[The problem]
Pull every line holding the word "system" out of the data and copy it.
◇ ◇ ◇ ◇ ◇ ◇ ◇
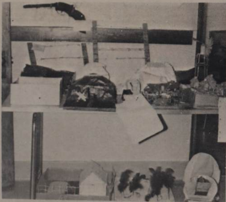
Social Studies exhibits at Open House

Members of the Library Club will be receiving end-of-the year awards. In order to receive an award you could not miss more than two meetings during the year.
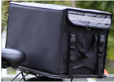
Delivery box & Rack
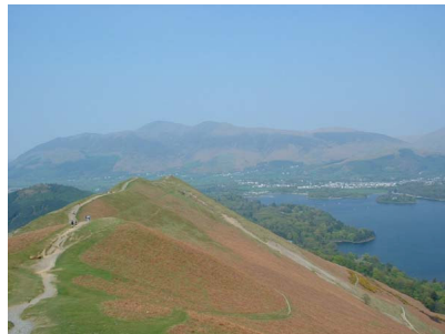
From Catbells looking back to Keswick

After the required stop, the photos, the pat on the back and general enjoyment of the views, descend south to the saddle of Hawes Gate
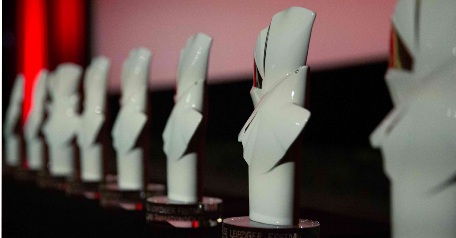
Silver Dove at DOK Leipzig 2021

The 1,500-euro award is sponsored by SLM | IG Metall is also sponsoring an award for the first time
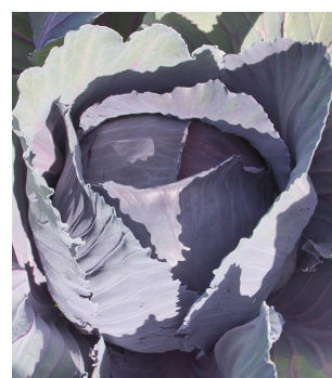
Super Red 80 Cabbage
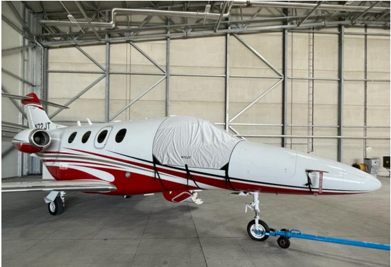
Hawker Premier Cockpit Cover
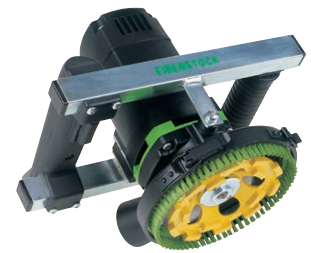
5" dia. EBS 125.5 D
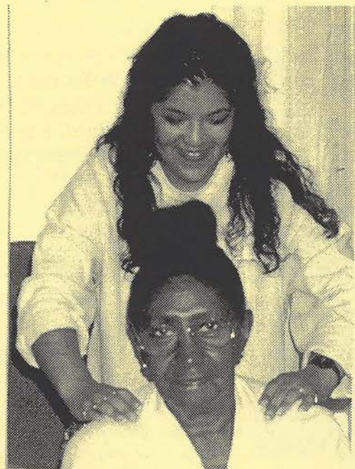
ABOVE: African American and Mexican women sharing a CAPACITAR workshop at a Mercy-sponsored workshop, Franciscan Center, Carey OH October, 1997
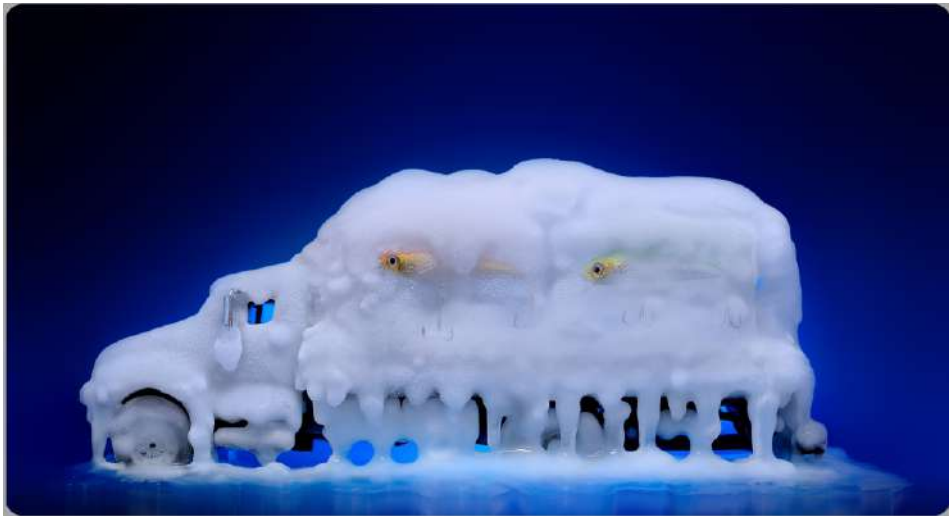
M.A ROZIQ , Waiting List #2 ed. 1/3 165 x 120 cm, UV Print on Alluminium Composite Panel, 2024
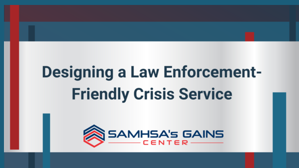
Designing a Law Enforcement-Friendly Crisis Service | April 2020
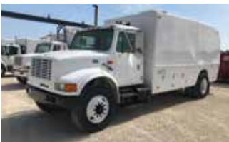
International 4900 Slickline Truck
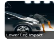
Lower Leg Impact
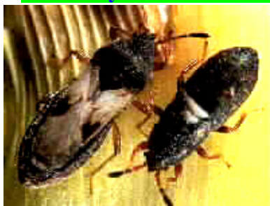
Adult Chinch Bugs
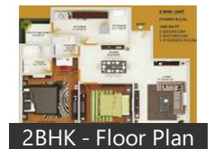
2BHK - Floor Plan
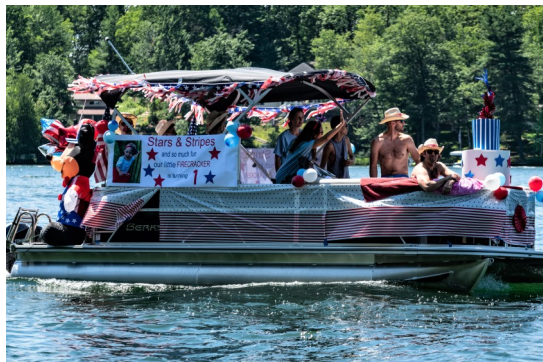
Just too cute!
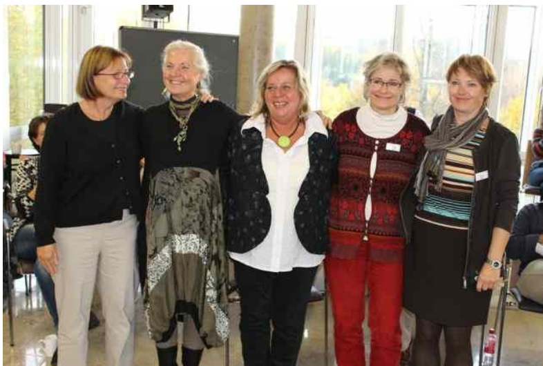
Council 2012 - 2015

The DFP is the German professional organization for psychodrama. It is an accrediting organization with the function, to represent the professional, technical and political interests of psychodramatists in Germany. Among engagement in networking among psychodramatists, training institutes and organizations of PD (like FEPTO) and other methods in Germany and international, the DFP promotes the development and promotion of psychodrama and engages in research and the publishing of books. This task is done in cooperation with the accredited institutes for psychodrama training; these are eight at the moment (see below) and a ninth one is in the state of application. The institutes are cooperative members.
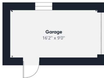
Floor 0 Building 2
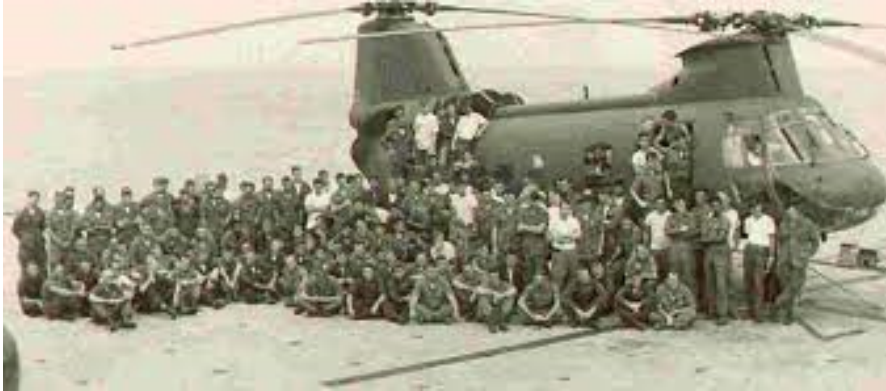
HMM 165 1968
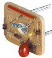
function indicator (glow lamp) (2 LED's)
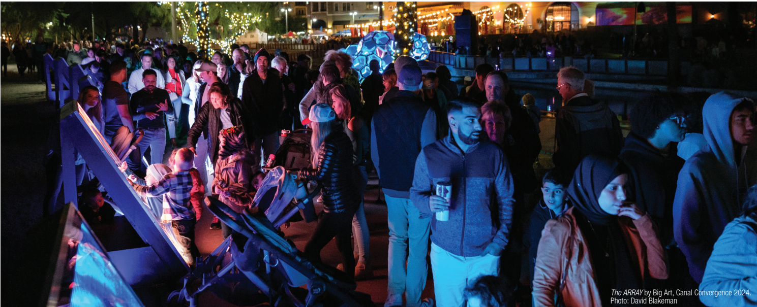
The ARRAY by Big Art, Canal Convergence 2024.
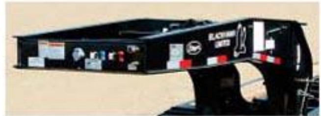
Simple, quick and easy hook-ups to any tractor, electrical and hydraulic system.
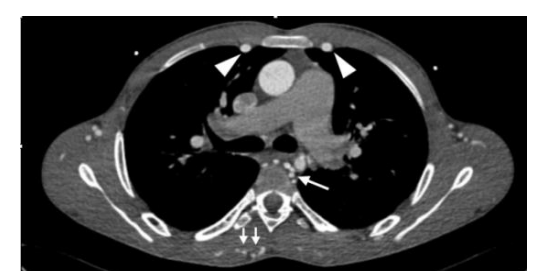
Fig-4: Cardiac multidetector-row computed tomography (axial image) showing a network of collateral circulation involving the internal thoracic arteries (arrowheads), the thoracic cavity wall arteries (double arrows), and a paravertebral collateral circulation (single arrow).
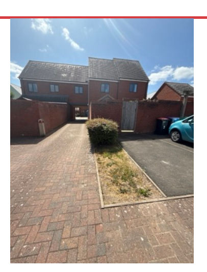
ACTION Assigned To M&BG Cut hedges
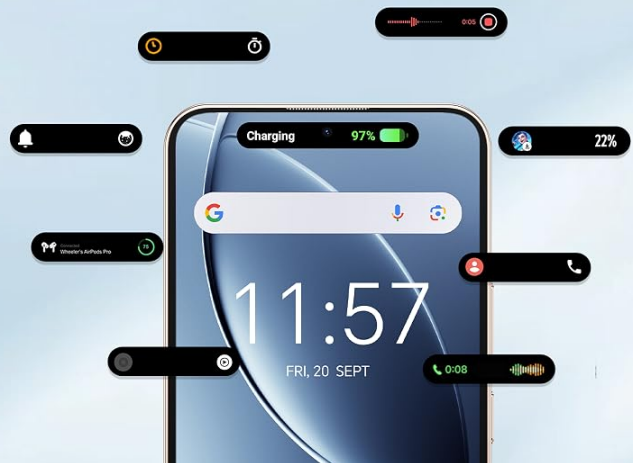
Image: Dynamic Island displaying notifications and system information.

Simplifica tu vida con la dynamic island del P1 Pro. Accede a notificaciones y controles con un solo toque.
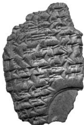
Fig. 22 : K 1483.
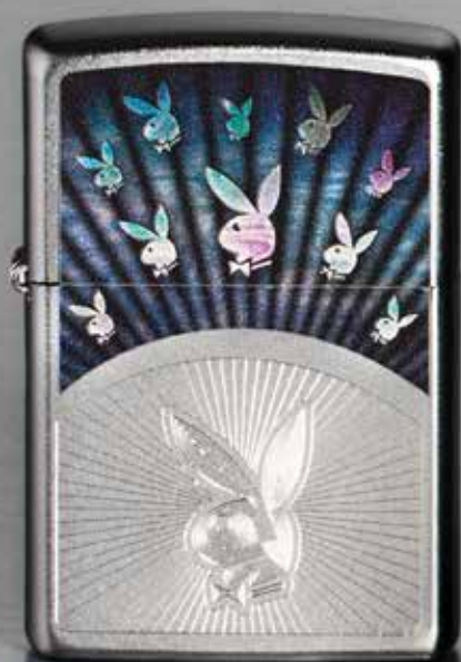
49002 Satin Chrome Color Image/Auto Engrave
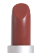
FIG YOURS red brown
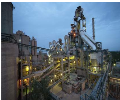
J K Cement
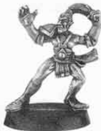
WOOD ELF CATCHER 2 099901205
◇ ◇ ◇ ◇ ◇ ◇ ◇
[Answer to this problem]
Simple, quick and easy hook-ups to any tractor, electrical and hydraulic system.
Image: Dynamic Island displaying notifications and system information.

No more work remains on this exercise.